The invention uses a coherent phase demodulation method to demodulate distributed sensing signals in the microstructure optical fiber, measures the temperature response of each independent sensing section in the microstructure optical fiber, and calculates the liquid level and liquid temperature information through a temperature demodulation algorithm. In liquid level monitoring, due to the liquid evaporation effect and the difference of specific heat capacity of liquid and gas, the temperature of gas phase and liquid phase on the gas-liquid contact surface is suddenly changed. The quasi-distributed liquid level monitoring can be realized by finding out the corresponding sensing section by utilizing the position of the optical fiber temperature sensor for measuring the temperature mutation. Furthermore, the sensing section at the liquid level can be divided into two parts in gas and liquid, the temperature fields of the two parts can be regarded as uniform within a short distance, the liquid level can be further accurately positioned according to the linear relation between the immersion depth of the optical fiber in the liquid and the phase value measured by the sensing section, and the full-distributed liquid level monitoring is realized. In the temperature measurement, because the microstructure optical fiber comprises a plurality of independent sensing sections which are closely connected, the sensing sections in the liquid can realize the distributed liquid temperature measurement at different depths. Furthermore, the characteristics of high sensitivity and ultra-long sensing distance of the microstructure optical fiber are utilized, and the large-range high-precision liquid level and liquid temperature monitoring can be realized.

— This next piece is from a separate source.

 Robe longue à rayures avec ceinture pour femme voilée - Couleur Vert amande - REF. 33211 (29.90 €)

Preferably, the microstructure fiber is provided with a plurality of scattering enhancement points for enhancing a backscattering signal of the sensing fiber and improving a signal-to-noise ratio of the system, the connecting fiber between the scattering enhancement points is used as a sensing area, and the microstructure fiber is divided into a plurality of independent sensing sections by the scattering enhancement points.

Preferably, the scattering enhancing points are generated on the bending-resistant single mode fiber by ultraviolet exposure, all the scattering enhancing points are arranged at equal intervals, and the reflectivity of the scattering enhancing points is-50 dB to-40 dB.

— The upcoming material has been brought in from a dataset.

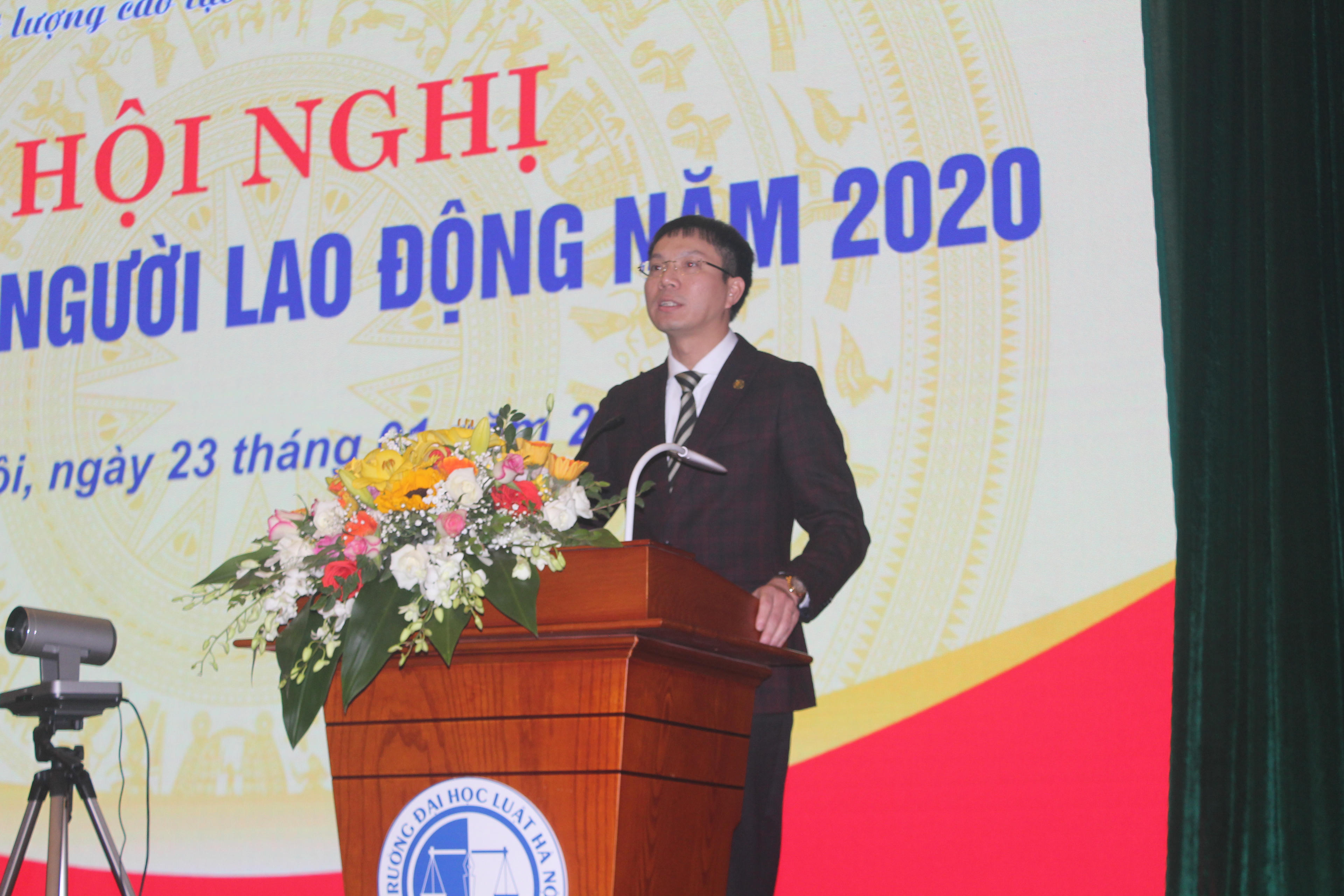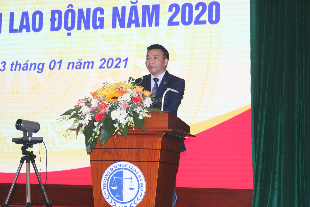 Phát biểu tại hội nghị, ông Đoàn Trung Kiên, Phó Bí thư Đảng ủy, Hiệu trưởng nhà trường nhấn mạnh: năm 2021 là năm có ý nghĩa đặc biệt quan trọng của đất nước, của Ngành Tư pháp cũng như của Trường Đại học Luật Hà Nội. Đây là năm đầu tiên thực hiện Nghị quyết của Đại hội đại biểu toàn quốc lần thứ XIII của Đảng trong bối cảnh đó, Trường tiếp tục triển khai thực hiện các phương hướng, nhiệm vụ và giải pháp tiếp tục thực hiện Quyết định số 549/QĐ-TTg của Thủ tướng Chính phủ, Nghị quyết số 54-NQ/BCSĐ về lãnh đạo thực hiện một số nhiệm vụ trọng tâm xây dựng Trường Đại học Luật Hà Nội thành trường trọng điểm đào tạo cán bộ về pháp luật đến năm 2021, tầm nhìn đến năm 2030.

Preferably, the threaded packaging tube is made of a hard material with thread grooves, and the distance and the depth of the thread grooves are larger than the diameter of the microstructure optical fiber.

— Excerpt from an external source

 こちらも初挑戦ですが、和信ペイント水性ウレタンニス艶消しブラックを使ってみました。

Preferably, the coherent phase demodulation device comprises a light source module, an optical modulation module, a coherent receiving module and a digital signal processing module; the light source module is used for generating continuous narrow linewidth laser; the input end of the light modulation module is connected with the output end of the light source module and is used for carrying out frequency shift and modulation processing on the continuous narrow linewidth laser and outputting a short pulse sequence; one input end of the coherent receiving module is connected with the output end of the light source module, and the other input end of the coherent receiving module is connected with the output end of the micro-structured optical fiber, and the coherent receiving module is used for enabling the reference light and the back scattering light pulse subsequence to generate interference to form a beat frequency optical signal subsequence, converting the beat frequency optical signal subsequence into an electric signal and outputting the beat frequency subsequence; the input end of the digital signal processing module is connected with the output end of the coherent receiving module and is used for carrying out phase demodulation on the beat frequency sub-sequence.

In another aspect of the present invention, the present invention provides a method for measuring a liquid level and a liquid temperature simultaneously in an optical fiber sensing system, in which probe light is frequency shifted and modulated into a plurality of short pulse sequences, each short pulse is reflected by a plurality of scattering enhancing points in a micro-structured optical fiber to form a short pulse subsequence, the returned back-scattered light pulse subsequence and reference light enter a coherent receiving module to interfere to form a beat frequency light signal subsequence, the intensity of the beat frequency light signal subsequence is obtained through coherent detection, then phase change between adjacent scattering enhancing points is demodulated through a cross-correlation method, phase information on a corresponding sensing segment is restored through phase unwrapping, and finally, the liquid level and the liquid temperature are obtained simultaneously. The cross-correlation method is to process the waveforms of adjacent subsequences in the reflected light signal by a cross-correlation algorithm to obtain the phase information of the sensing segment between the scattering enhancement points corresponding to the subsequences.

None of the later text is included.